**Exercise goal:** Once you reach the line that holds "Mosaic photo wall" in the listing below, output it and every line after it through the line that holds "Stampini in plastica", word for word.

**Entries provided:**
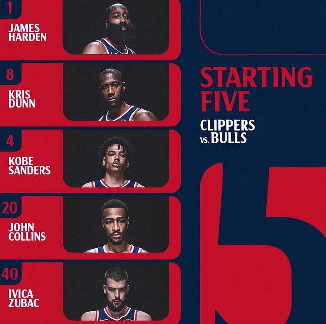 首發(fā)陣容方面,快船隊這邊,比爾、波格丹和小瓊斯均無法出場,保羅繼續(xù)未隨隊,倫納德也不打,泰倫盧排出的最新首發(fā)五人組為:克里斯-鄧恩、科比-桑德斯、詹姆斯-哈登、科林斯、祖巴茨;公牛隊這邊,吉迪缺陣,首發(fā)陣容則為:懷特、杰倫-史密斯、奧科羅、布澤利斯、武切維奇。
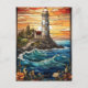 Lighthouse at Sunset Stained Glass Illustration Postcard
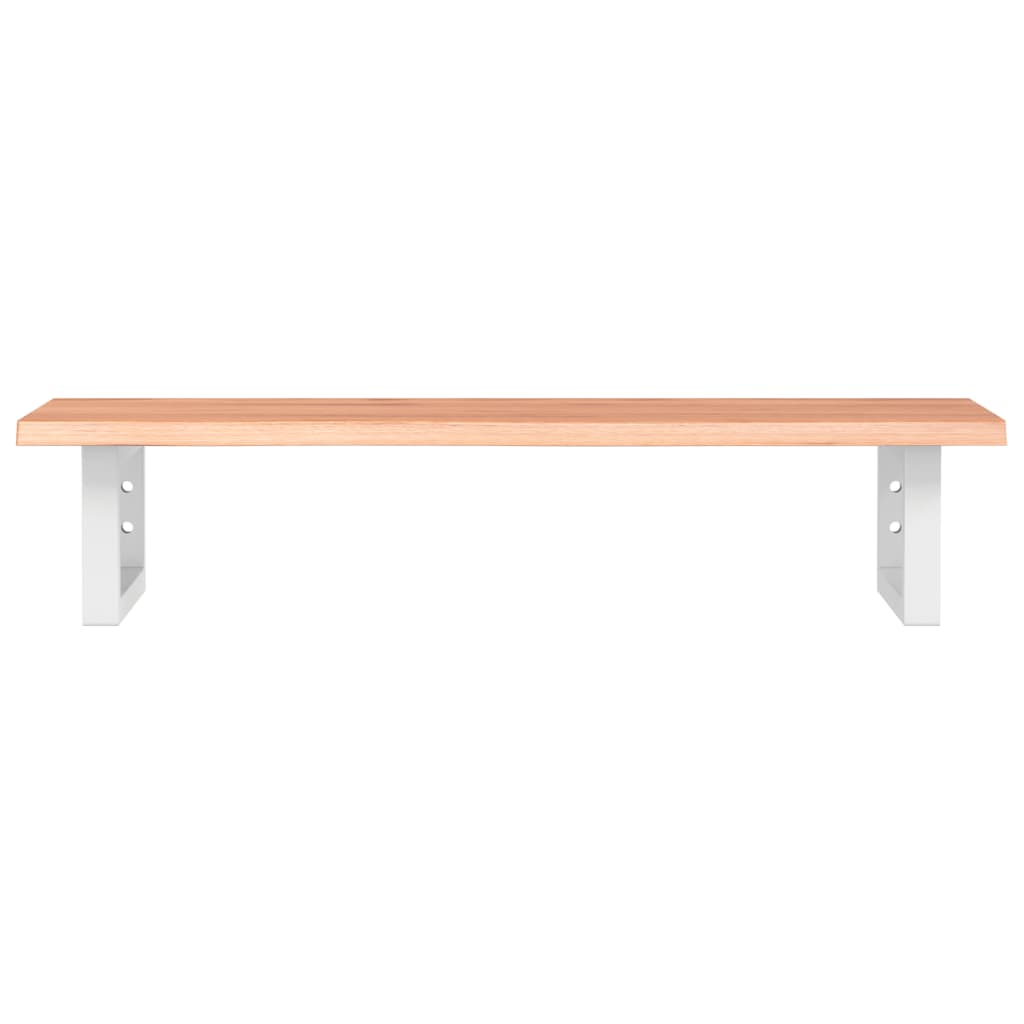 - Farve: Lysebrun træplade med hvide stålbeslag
...
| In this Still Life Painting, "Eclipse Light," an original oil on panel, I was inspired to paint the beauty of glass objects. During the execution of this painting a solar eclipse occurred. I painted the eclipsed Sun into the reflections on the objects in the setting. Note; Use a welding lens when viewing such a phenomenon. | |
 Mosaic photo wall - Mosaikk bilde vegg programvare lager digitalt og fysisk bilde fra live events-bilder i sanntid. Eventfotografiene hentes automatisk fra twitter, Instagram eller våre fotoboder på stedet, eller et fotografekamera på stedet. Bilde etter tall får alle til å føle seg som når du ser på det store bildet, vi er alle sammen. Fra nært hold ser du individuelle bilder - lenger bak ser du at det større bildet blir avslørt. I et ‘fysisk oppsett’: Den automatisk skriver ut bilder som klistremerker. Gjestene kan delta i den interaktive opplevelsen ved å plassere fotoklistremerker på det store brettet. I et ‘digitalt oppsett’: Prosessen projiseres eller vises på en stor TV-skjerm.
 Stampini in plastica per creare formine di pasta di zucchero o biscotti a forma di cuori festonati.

**Written answer:**
 Mosaic photo wall - Mosaikk bilde vegg programvare lager digitalt og fysisk bilde fra live events-bilder i sanntid. Eventfotografiene hentes automatisk fra twitter, Instagram eller våre fotoboder på stedet, eller et fotografekamera på stedet. Bilde etter tall får alle til å føle seg som når du ser på det store bildet, vi er alle sammen. Fra nært hold ser du individuelle bilder - lenger bak ser du at det større bildet blir avslørt. I et ‘fysisk oppsett’: Den automatisk skriver ut bilder som klistremerker. Gjestene kan delta i den interaktive opplevelsen ved å plassere fotoklistremerker på det store brettet. I et ‘digitalt oppsett’: Prosessen projiseres eller vises på en stor TV-skjerm.
 Stampini in plastica per creare formine di pasta di zucchero o biscotti a forma di cuori festonati.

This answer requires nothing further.